Step 5: Voltage Regulation
Since this device is battery powered, we need an efficient voltage regulator. The typical LM78xx series of linear voltage regulators simply wouldn't work since they require around 40% more voltage than their target output. I also didn't want to go with a switching power supply since that requires a high part count, and therefore higher cost. The next best regulating technique is to use a zener diode shunt regulator.

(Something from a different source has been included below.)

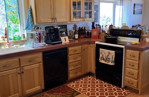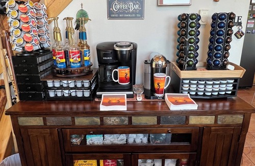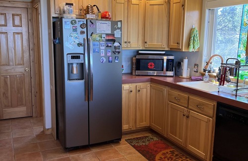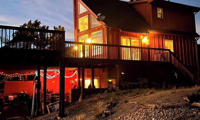 If you’ve ever wanted to stay in an enchanting Swiss chalet overlooking a beautiful valley surrounded by mountains and mesas, this is it! The Sunset Chalet at Sweet Surrender Ranch offers three interior floors comprising a master suite loft, a first floor second bedroom, two full bathrooms and a partially finished basement with third full bath across 1,700 square feet of interior living space and 900 square feet of outdoor deck and patio space in a cozy vacation home perched majestically on a ridge overlooking the Montezuma Valley. The Chalet has two indoor stairways to get around from floor to floor. In addition to stunning high-ground vistas, which you can view from the Chalet’s great room, master bedroom, patio, and private spa hot tub, the Ranch has 10 private acres with trails for guests seeking a tranquil communion with nature, without giving up the comforts of home. The Ranch also borders approximately 2,000 acres of public wild lands, which are available for hiking and walks. 🌅During your stay at the Ranch, your privacy is guaranteed—the Chalet is the only living quarters on the Ranch (not a guesthouse). There is however a doorbell/deadbolt/recording camera on the main entry door that will alert the owner when someone approaches the outside of the main door. The Ranch grounds and Chalet are also smoke/vape free and pet-free. If you intend to smoke tobacco or cannabis products on the grounds, we ask you to book one of the many different bnb’s in the area that permit such smoking. While service animals are permitted, they must not be left alone at the Ranch. Emotional support animals are prohibited if law and VRBO rules permit the prohibition. Pets of any kind or breed are not permitted. Packages may be delivered to the Chalet using private services such as UPS and FedEx. However the U. S. Postal Service does not deliver to the Chalet directly and there is no guest access to the Chalet mailbox. If a package is sent by the U. S. postal service, it will be undeliverable and will be returned to the sender. 🌅We limit guest stays to 15 nights maximum. If you need a longer stay, other vacation rentals in the area can oblige. The Ranch is nestled peacefully among the indigenous Pinyon Pine, Juniper, and Scrub Oak just 10 minutes/6 miles from Mesa Verde National Park, 20 minutes from Cortez, and 45 Minutes from the famous mountain town of Durango. The Ranch is only 5 miles from the U.S. Rt. 160 Mesa Verde National Park exit (the same exit for the Ranch) and accessible by a well maintained subdivision gravel/dirt road, and the Ranch's own asphalt driveway. 🌅A number of local attractions are within minutes including the exceptional Phil's World mountain biking area. For those guests who like to take walks or hikes, or who bring their ATVs or UTVs, the Ranch includes a trail system around the property and on the 2,000 acres of wild land surrounding the property. The trails are hilly and strenuous and in a natural state so caution must be observed when using them, but they are marked for safety and convenience. Please see the Ranch’s Hospitality Guide for a trail map and important safety information before using the Ranch’s trail system. The Ranch’s asphalt and gravel driveways can be used for easier walks. The Ranch is also trailer friendly—no need to worry about backing up. The main driveway is supported by a loop driveway that was built to allow trailers and large vehicles like motorhomes convenient access. There is also a 30 amp outdoor RV receptacle on the loop driveway. 🌅Designed to fit well within the natural environment around it, the Chalet is decorated with Dine (Navajo) art, and a southwestern motif, with traditional western accents. The main southwest facing exterior wall of the Chalet is a Swiss styled angled prow design made nearly entirely of glass 2 stories high—so even when you're inside, you feel like you're outside! There are dining tables on the deck and patio that invite you outside. There is also a 4 person western themed dining/game table and cozy sitting area next to a beautiful soapstone wood stove inside the Chalet. The coffee table in the sitting area has a top that raises up to accommodate laptop computers or meals. In the loft you will find the master bedroom complete with a luxurious two person whirlpool bathtub and an olympic/extended queen bed (six inches wider than a standard queen). Above the jet tub is a large picture window facing northeast through which the La Plata Mountains and the summer morning sun are in full view. There are also two small closets, double vanities, a shower and a toilet with bidet. Finally, there is a small smart TV with access to 200 channels on the Chalet’s Dish Network account, including local channels and some movie channels. Streaming internet services such as Netflix are also available through ROKU, though the wifi internet speed often hovers around just 7mbps. The large loft is also the master bedroom. Being at the top of stairs and around a corner, the loft is mostly private from the great room below—there is no door to the loft/master bedroom. The custom crafted bed however is not visible at all from outside the bedroom so your privacy while sleeping is secure. Additionally, the toilet and shower area in the loft does have a pocket door for complete privacy (see photos). Wireless Internet service is often around 7mbps, with service up to 25 mbps max. 🌅On the main floor there is a dining/game table for four, a sitting area by the wood stove, a small second bedroom, a full bathroom with shower/tub and toilet/bidet, a full kitchen and an extensive coffee bar with a Keurig K-Duo coffeemaker along with complimentary k-cups, and fresh ground coffee. With the Duo, you can make a single cup of your favorite morning joe using a k-cup or make an entire carafe using the fresh ground coffee we provide. In addition to the Keurig, we have a Nespresso Vertuo espresso and coffee pod brewer, and a variety o

Zener diodes are device that are designed to operate quite efficiently in their break down region. A typical diode will start to build up heat once in the breakdown region, but a zener diode's characteristics allow it to hold the voltage at near constant. For this reason, a zener regulator is a perfect application for a power device. The only critical part to designing a good zener regulator, is to make sure that the diode is always operating in the breakdown region. This can be achieved by simply putting a resistor in series with the diode. The circuit in the figure above shows how the ideal voltage drop across the resistor will always be 1.5V. If I want at least 5mA of current to flow through the diode, then I just need to use ohms law to solve for the resistor value. Here, I used 10mA just to give myself a bit of wiggle room, and ohms law says R=1.5V/10mA=150Ω.